Strings can contain special/escaped characters such as `\"`, `\\`, `\n`. For `\\` and `\"`, the resulting value should just contain the character after the backslash `\`. For `\n`, `\t` and `\0` the resulting value should contain a newline, tab and null-byte character respectively. The implementation will make this transformation while matching the string.
The resulting value also does not contain the surrounding double quotes `" "`
```ts
class Lexer {
// ...
public next(): Token | null {
// ...
if (this.test("\"")) {
this.step();
let value = "";
while (!this.done() && !this.test("\"")) {
if (this.test("\\")) {
this.step();
if (this.done())
break;
value += {
"n": "\n",
"t": "\t",
"0": "\0",
}[this.current()] ?? this.current();
} else {
value += this.current();
}
this.step();
}
if (this.done() || !this.test("\"")) {
console.error(
`Lexer: unclosed/malformed string`
+ ` at ${pos.line}:${pos.col}`,
);
return this.token("error", pos);
}
this.step();
return { ...this.token("string", pos), stringValue: value };
}
// ...
}
// ...
}
```
A string starts with a double quote `"`. This character is ignored. We then look at every character up until an __unescaped__ double quote `"`, meaning a string may contain escaped double quote characters `\"`. When the loop is done, we check whether we've hit a closing double quote `"` or if we've reached EOF. If we've reached EOF, we emit an error and return a special `error` token. If we've reached the enclosing quote `"`, we ignore and step over it and return a string token.

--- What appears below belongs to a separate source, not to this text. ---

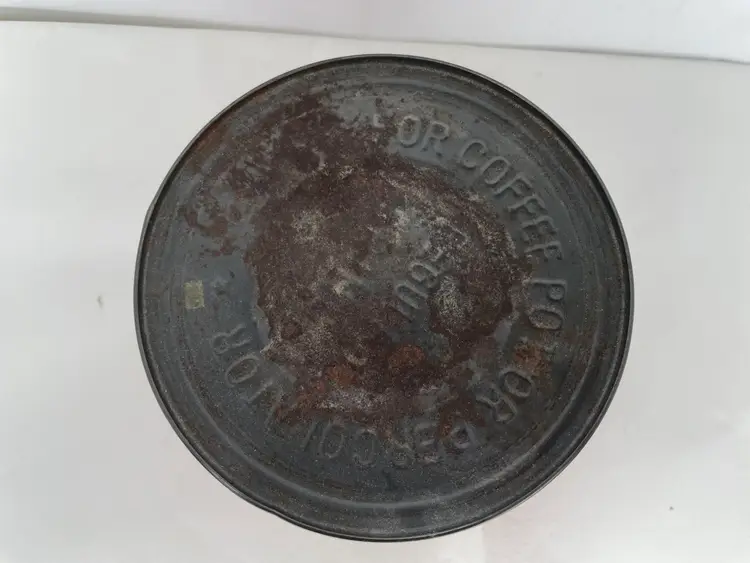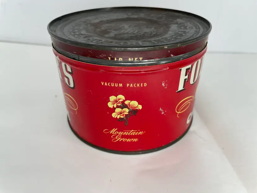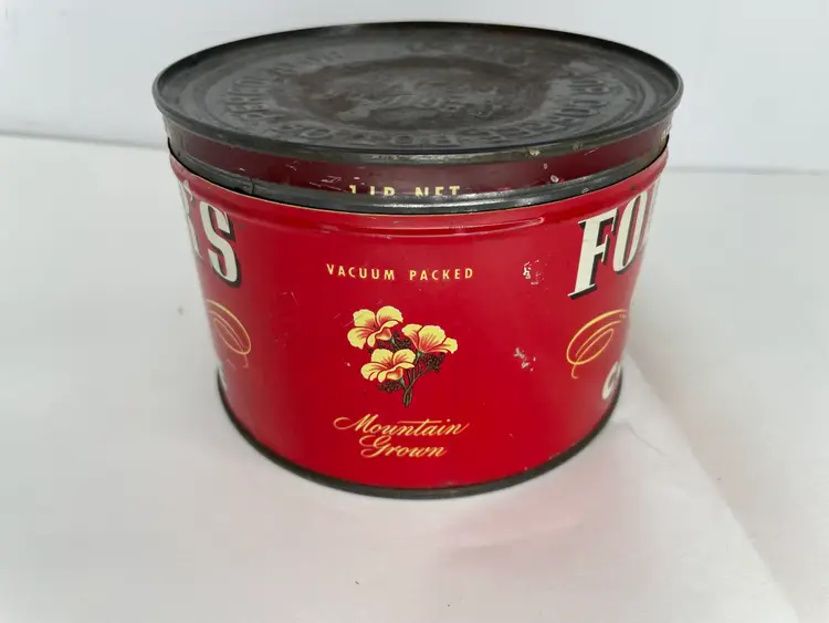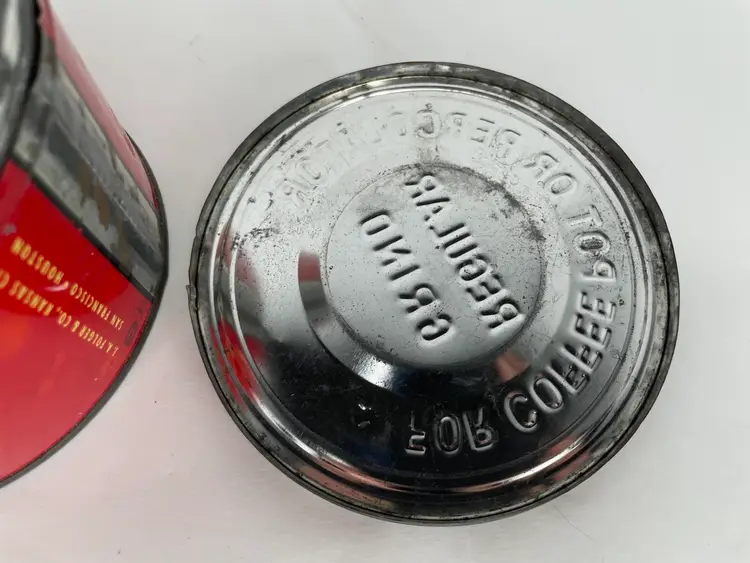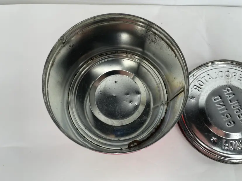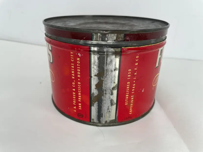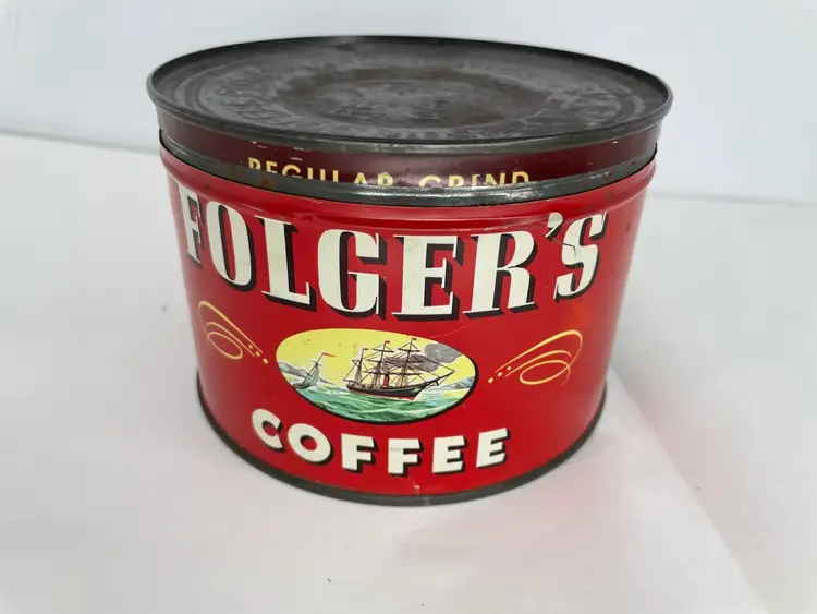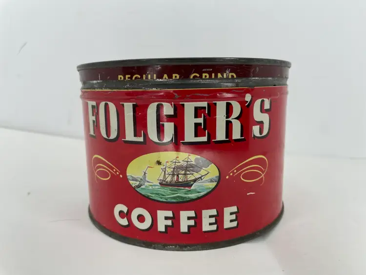 The product is a vintage 1946 Folgers Regular Grind 1 pound keywind coffee tin. This collectible advertising item features a multi-color design and is an original piece from the 1940s, made in the United States. The tin reflects a theme of coffee and tea, making it a nostalgic and sought-after piece for collectors interested in vintage coffee memorabilia.

While looking at each character, we check if it's a backslash `\`. If so, we ignore the escaping backslash and handle the next character like either special characters, eg. `n` should be a newline character, or just an escaped character, eg. an escaped double quote.
Operators and punctionation such as plus `+`, left curlybrace `{` and semicolon `;` are single character static tokens. Operators such as double equal `==` are multi character static tokens.
```ts
class Lexer {
// ...
public next(): Token | null {
// ...
if (this.test(/[\+\{\};]/)) {
const first = this.current();
this.step();
if (first === "=" && !this.done() && this.test("=")) {
this.step();
return this.token("==", pos);
}
return this.token(first, pos);
}
// ...
}
// ...
}
```
The clause checks for any one of the characters. For single character tokens, it saves the character for use as the token type. Then it `.step()`s and returns a token with the character as the token type. For multi character tokens, we check the first character again for specific characters, and then match another token if necessary.
Note: The reason `+`, `{`, `}` are escaped, is because they are special regex characters. In Javascript all non-letters can safely be escaped and all letters are safe to use.
2. Implement the keywords: `true`, `false`, `null`, `or`, `and`, `not`, `loop`, `break`, `let`, `fn` and `return`.
3. \* Implement single line comments using `//` and multiline comments using `\*` and `*\` (\*\* extra points if multiline comments can be nested, eg. `/* ... /* ... */ ... */`).
4. \* Reimplement integers such that integers are either `0` or start with `[1-9]`.